Let’s now see what this actually means by delving deeper into the individual components that can be used to achieve ML Ops’ objectives.
- The 360* View: A user interface that provides real time visibility into what is deployed and where, with deployment status, infrastructure health, and monitoring available at a glance.
- Versioning, Monitoring, and Auditing: A rich metadata repository to record and maintain lineage and traceability including timeline of model deployment: when a model was deployed, what are the associated data pipelines, what are the features, who deployed it, what are the access rights and privileges, what are the SLAs and what are the infrastructure usage and performance expectations.
- Deployment Tools and Automation: Set of tools to: quickly deploy or rollback a version of a model in response to changing data or business needs, infrastructure agnostic to enable deployments on-premises or to the cloud with Docker and Kubernetes so that the essential complexity of packaging, configuration and parameters tuning are abstracted from development and IT Ops teams.
- End-to-End Integrated Workflows: Interfaces and workflows to seamlessly integrate with data ingestion pipelines, data preparation and cleansing modules, model development, training and validation including a/b testing. A complete orchestrated view where final deployments can be traced right back to the initial datasets and processes and actions that took place within the development life cycle.
- Cross Functional Teams: Productionizing an ML model requires a set of skills that so far were considered separate. In order to be successful we need a hybrid team that, together, covers a range of skills: Data Scientist or ML Engineer, a DevOps Engineer and a Data Engineer.
MLOps is a brand new discipline, it will evolve over time, for sure. In terms of best practices, we can leverage and extend few of the adjacent disciplines to further strengthen MLOps best practices.
The following table takes a holistic view of DevOps, Data Engineering and ML Engineering as they seem applicable to MLOps:
|MLOps Practices||DevOps Practices||Data Engineering Practices||ML Engineering Practices|
|Pipeline||APIs, Integrations||Data Ingestion Pipelines, ETL||Training ML Pipelines, Test ML Pipelines, APIs, Workflows|
|Parameters||Rule Engines||Transformation Repositories||Feature Engineering Repositories|
|Versioning||Code Version Control||Jobs Version Controls, Data Lineage, Metadata Repository||ML Code Version Control + Model Version Control|
|Output Validation||Test Cases||Test Cases||Model Validation|
|CI/CD||Deploys Code to Production||Deploys Code to Production||Deploys Code to Production + All the related pipelines and Dataset versioning|
|Data Validation||NA||Business Validation||Statistical Validation|
|Monitoring||SLA Based||SLA Based||SLA + Data Drift + Temporal monitoring + parameters performance monitoring|
Serverless technologies allow us to write code and specification which automagically translates itself to auto-scaling production workloads. Here is an interesting take on how with open-source technologies (MLRun+Nuclio+KubeFlow), you can take advantage of serverless functions and make your Data Science projects ready for real-time, extreme scale data-analytics and machine learning.

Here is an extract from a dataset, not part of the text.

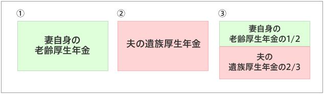3. 遺孀自身老年厚生年金的1/2和丈夫遺屬厚生年金的2/3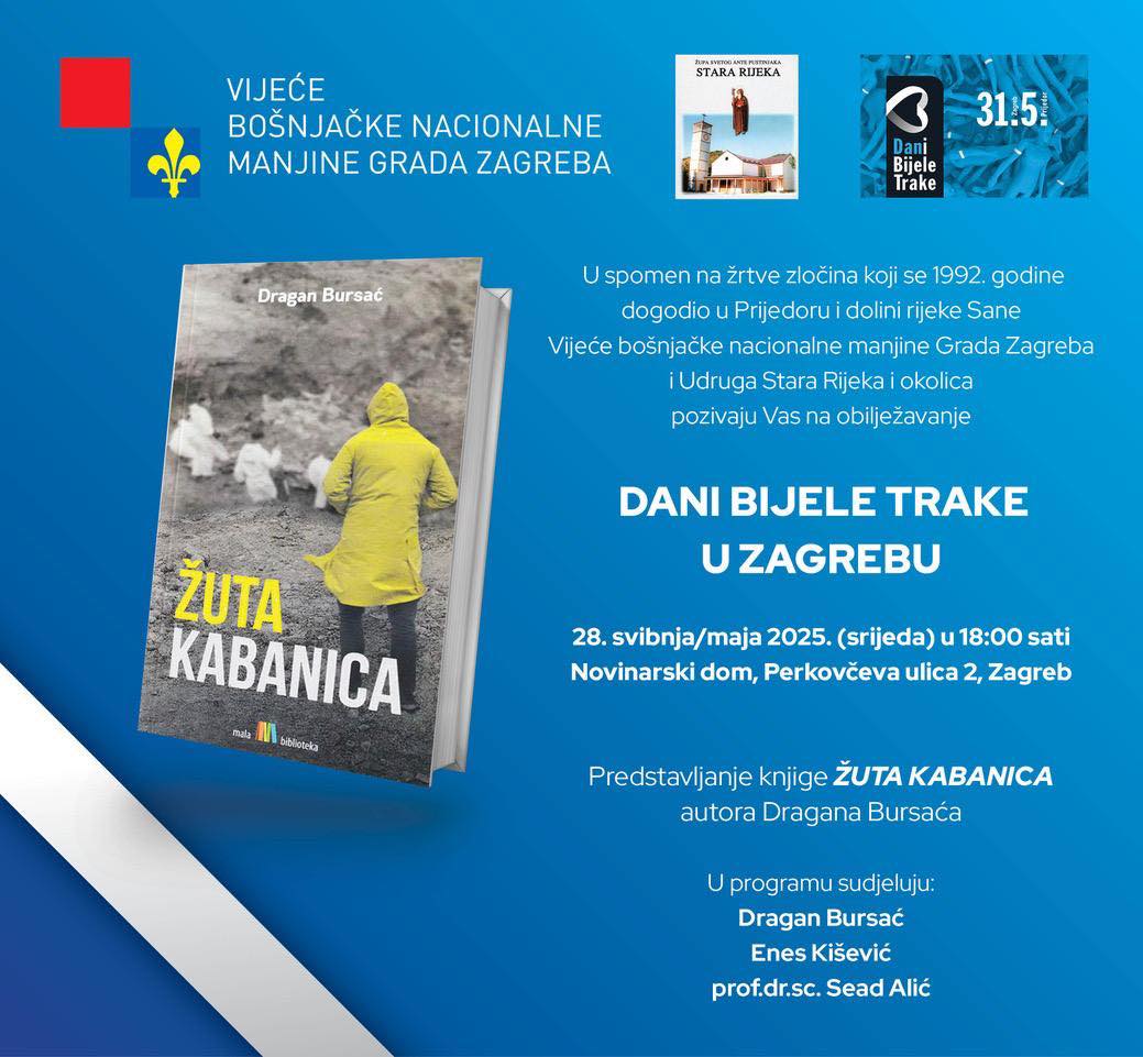 U srijedu, 28. maja 2025. godine s početkom u 18:00 sati, u Novinarskom domu (Perkovićeva ulica 2), bit će upriličeno predstavljanje knjige „Žuta kabanica“ autora Dragana Bursaća, bosanskohercegovačkog novinara i kolumnista. Uz autora, u programu učestvuju i književnik Enes Kišević te prof. dr. sc. Sead Alić.

As data science teams grow and businesses increase the ML models adoption, the challenges that organizations will face in their operationalization will also increase. MLOps solves many of these challenges by optimising time to production, increasing collaboration and reducing cross-functional dependencies, improve reliability and reducing error and providing, at all times, visibility and traceability.
At Tredence, we have formed a cross functional practice for MLOps bringing in multiple disciplines (DevOps, Data Engineering, ML Engineering, Automation, Cloud and Infrastructure Management) to develop MLOps offerings for our clients.